Какое-то движение притягивает взгляд. Там, где стоят стеной дубы, виргинский филин взмахивает крыльями над головой и как пушечное ядро падает на нечто, копошащееся в лесной подстилке. Самка барибала с двумя медвежатами перебегают через холм в том месте, где раньше была Бликер-стрит. При свете полной луны на песчаном берегу Ист-Ривер морские черепахи откладывают яйца.

Дыхание Адама затуманивает стекло, и картинка тускнеет. Кровь стекает по подбородку. Он дотрагивается до рта, и на кончиках пальцев остается каменистая крошка. Бросает изучающий взгляд на кусочки сколотого зуба. Когда он снова поднимает глаза, Маннахатта[86] уже исчезла, сменившись огнями Нижнего Манхэттена. Он ударяет ладонью по оконному стеклу. Мегаполис на другой стороне не обращает внимания. Адам чувствует биение пульса в собственных предплечьях и начинает дрожать. Здания, похожие на фрагменты кроссвордов, красные и белые корпускулы автомобильного движения: еще более галлюцинаторное зрелище, чем то, которое только что исчезло.
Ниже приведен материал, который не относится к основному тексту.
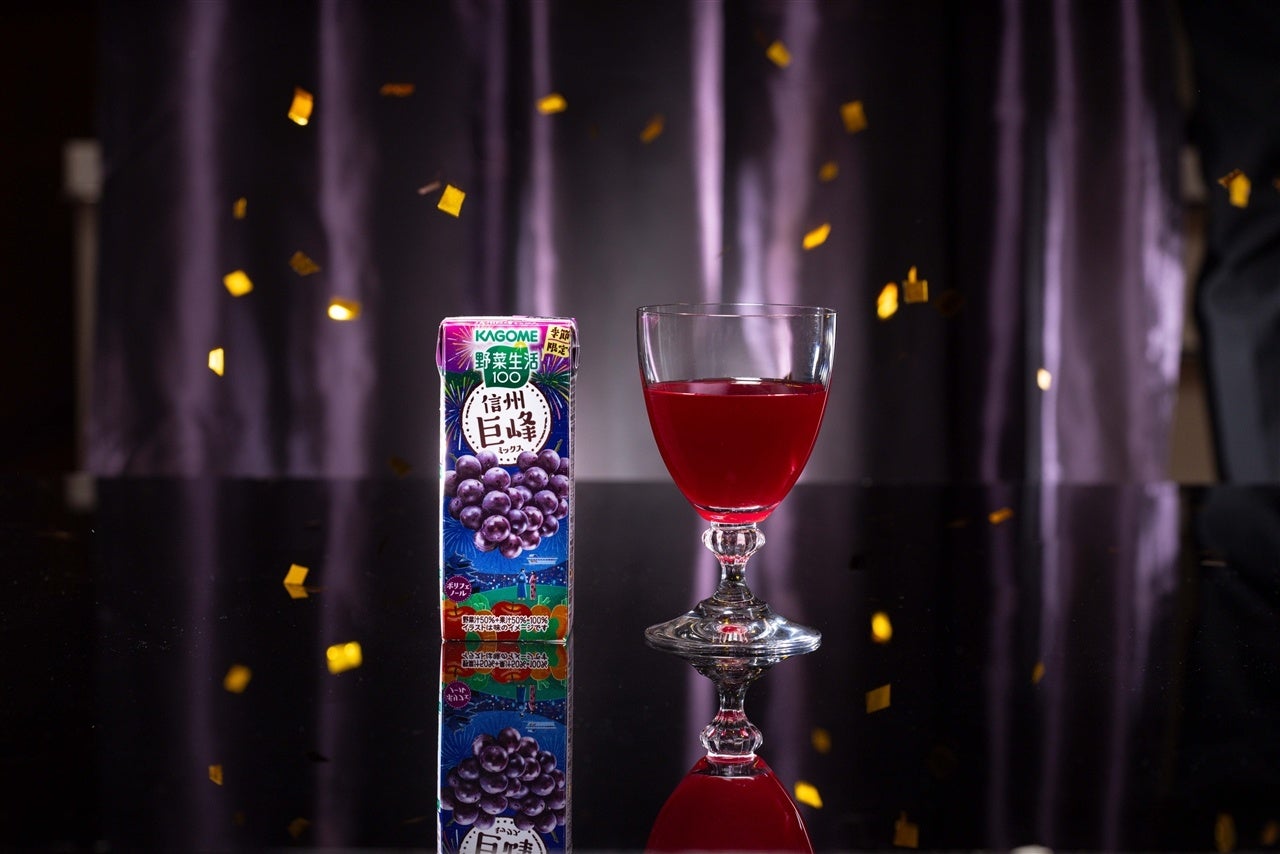 このたび発売する「野菜生活100 信州巨峰ミックス」は、力強さが十分に詰まった長野県産巨峰の味わいの野菜・果実100%ミックスジュースです。りんごやクランベリーを加えることで、フルーティーな香りと甘みを引き立て、さらに、果実のピューレを絶妙なバランスで配合することで、巨峰ならではの力強い味わいを表現しています。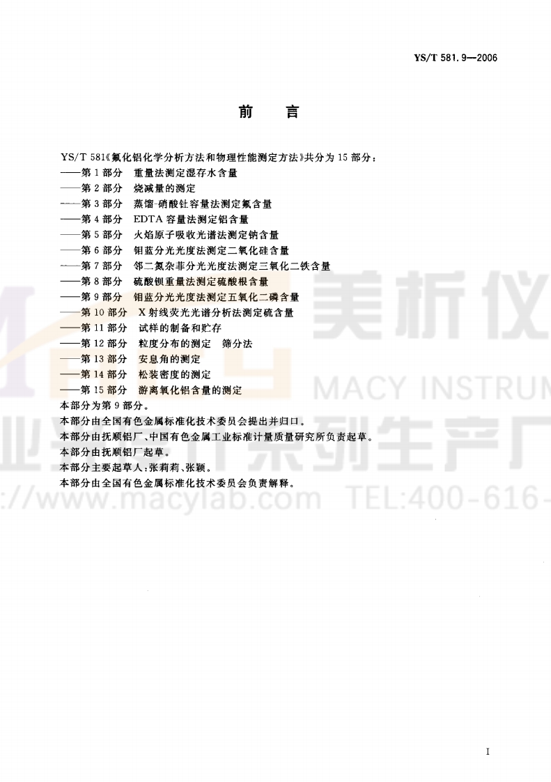 ICS71.100.10H21YS中华人民共和国有色金属行业标准YS/T581.9-2006氟化铝化学分析方法和物理性能测定方法第9部分钼蓝分光光度法测定五氧化二磷含量Determination of chemical contents and physical properties ofaluminium fluoride Part 9:Determination of phosphoruo content//www.macby molybdophoshoric liue photometric method00-6162006-03-07发布2006-08-01实施国家发展和改革委员会发布

Он пробирается через минное поле из мебели и разбросанных журналов в прихожую и выходит за дверь. Через шесть шагов по коридору вспоминает о браслете. Прижимается к стене, зажмурившись. Когда видение наконец умирает, возвращается в квартиру и закрывается в единственной разрешенной среде обитания, и в обозримом будущем других биомов у него не будет.
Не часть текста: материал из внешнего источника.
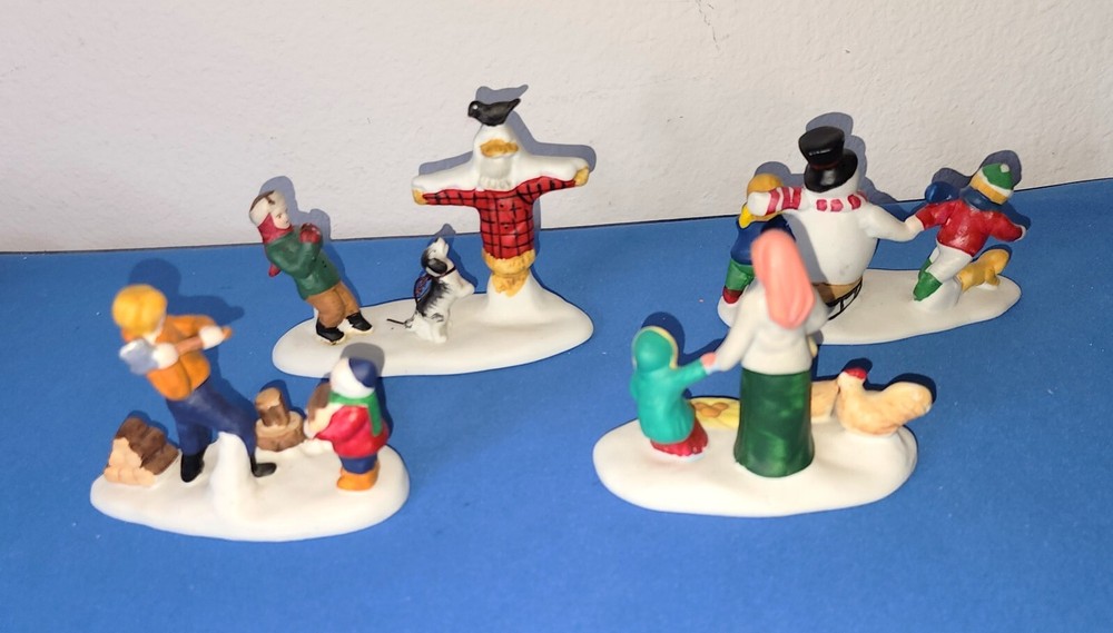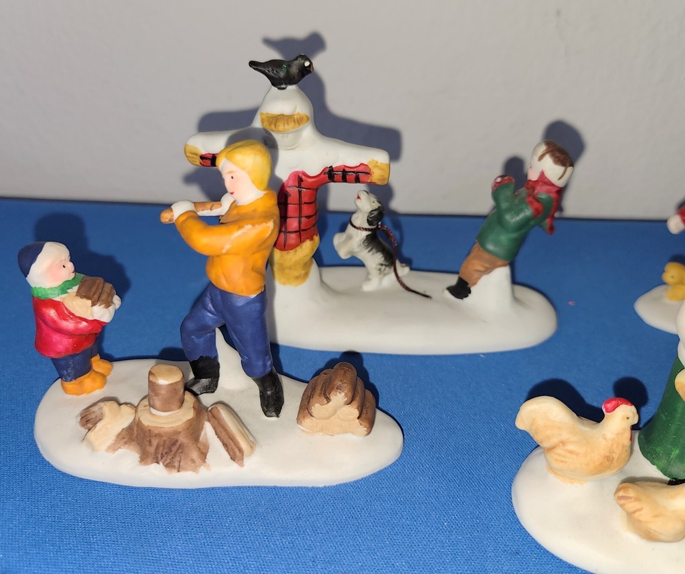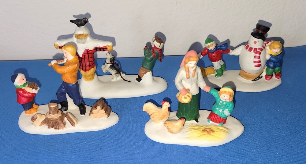 4 Lemax Accessories Chopping Wood, Our Snowman, Gathering Eggs, Forgotten Summer All are in Good to Very Good Condition. Expect minor Flaws Years Made 1993, 1996, 1997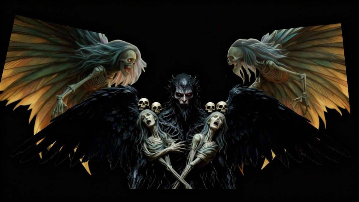 This image depicts a terrifying fusion of a demonic raven with human features and black wings, entwined with two wailing undead figures. Raven skulls adorn its shoulders, creating a nightmarish entity.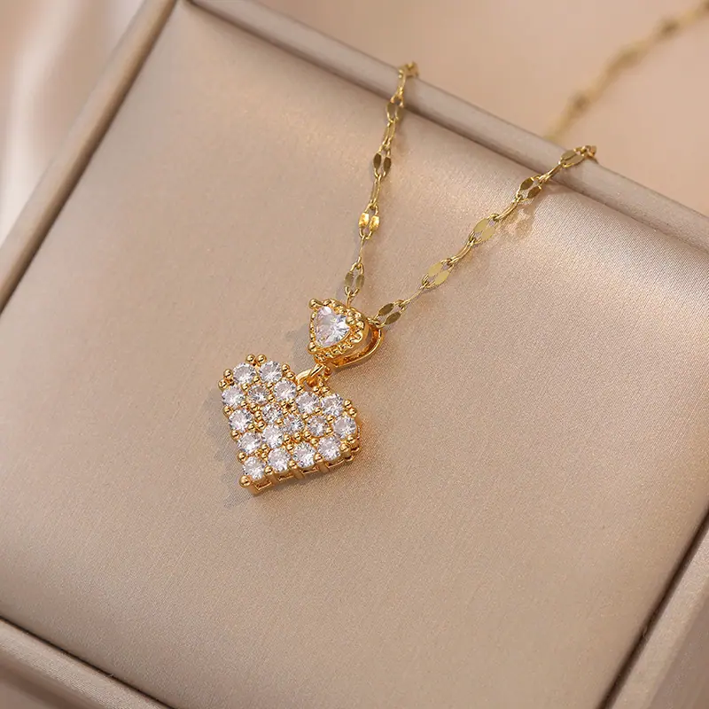 Collar Mujer Celebridad de Internet Moda Corazón Zircón Nicho Nuevo Diseño Colgante Temperamento Acero Titanio Cadena Clavícula Cobre No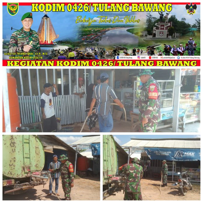 KODIM 0426/TB- Panca Jaya (Mesuji) — Jajaran Koramil 426-01 Simpang Pematang, Kodim 0426 Tulang Bawang, salurkan air bersih kepada masyarakat di Desa Mukti Karya, Kecamatan Panca Jaya, Mesuji, Senin 18 September 2023.

МИМИ МА СИДИТ ВО ВТОРОМ РЯДУ аудитории, ошеломленная тем, что сказала древесная женщина. Патриция Вестерфорд! Они впятером делились ее открытиями у костра, когда Свободный Биорегион Каскадии еще существовал. Ее слова сделали их реальными, этих агентов-инопланетян, творивших вещи, выходящие за рамки людского косного разума. Женщина оказалась старше, чем Мими себе представляла. Она выглядела испуганной, пошатывалась, и что-то было не так с ее речью. Однако она только что произнесла это прекрасное, логичное, но почему-то табуированное правило: «Когда вы срубаете дерево, ваша цель должна быть по крайней мере такой же чудесной, как и то, что вы срубили».

Лес превращает гору в нечто лучшее, чем гора, А во что лес может превратить человечество… Мими не успевает толком осмыслить эту идею, как вдруг доктор Вестерфорд рывком возвращает ее к реальности.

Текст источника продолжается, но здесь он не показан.